BEGIN The data
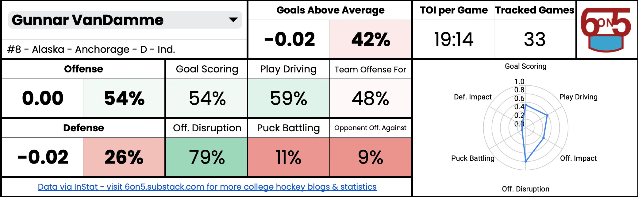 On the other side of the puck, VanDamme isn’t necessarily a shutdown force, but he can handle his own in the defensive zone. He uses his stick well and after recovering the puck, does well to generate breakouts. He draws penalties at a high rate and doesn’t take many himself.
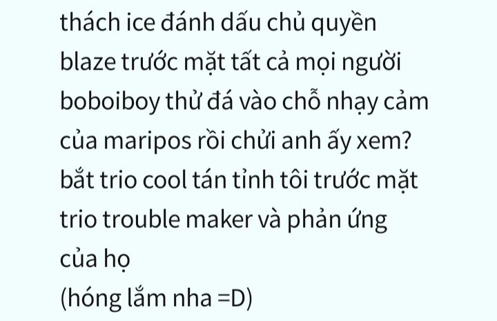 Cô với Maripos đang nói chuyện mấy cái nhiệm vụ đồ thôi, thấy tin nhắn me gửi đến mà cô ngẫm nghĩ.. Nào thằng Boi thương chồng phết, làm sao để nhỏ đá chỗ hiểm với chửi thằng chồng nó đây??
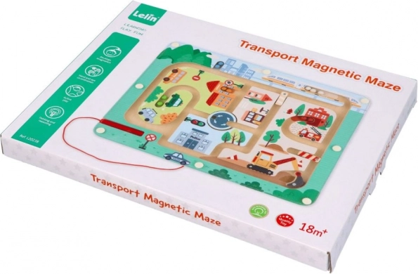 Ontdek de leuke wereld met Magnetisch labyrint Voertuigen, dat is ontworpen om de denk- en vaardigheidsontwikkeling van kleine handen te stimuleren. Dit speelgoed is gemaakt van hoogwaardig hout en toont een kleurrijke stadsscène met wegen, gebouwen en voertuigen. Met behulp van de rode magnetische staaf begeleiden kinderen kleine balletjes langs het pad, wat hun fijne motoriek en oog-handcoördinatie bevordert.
END The data
Problem description:
Reproduce the whole of the data, word for word, and omit its pictures.

Answer space:
 On the other side of the puck, VanDamme isn’t necessarily a shutdown force, but he can handle his own in the defensive zone. He uses his stick well and after recovering the puck, does well to generate breakouts. He draws penalties at a high rate and doesn’t take many himself.
 Cô với Maripos đang nói chuyện mấy cái nhiệm vụ đồ thôi, thấy tin nhắn me gửi đến mà cô ngẫm nghĩ.. Nào thằng Boi thương chồng phết, làm sao để nhỏ đá chỗ hiểm với chửi thằng chồng nó đây??
 Ontdek de leuke wereld met Magnetisch labyrint Voertuigen, dat is ontworpen om de denk- en vaardigheidsontwikkeling van kleine handen te stimuleren. Dit speelgoed is gemaakt van hoogwaardig hout en toont een kleurrijke stadsscène met wegen, gebouwen en voertuigen. Met behulp van de rode magnetische staaf begeleiden kinderen kleine balletjes langs het pad, wat hun fijne motoriek en oog-handcoördinatie bevordert.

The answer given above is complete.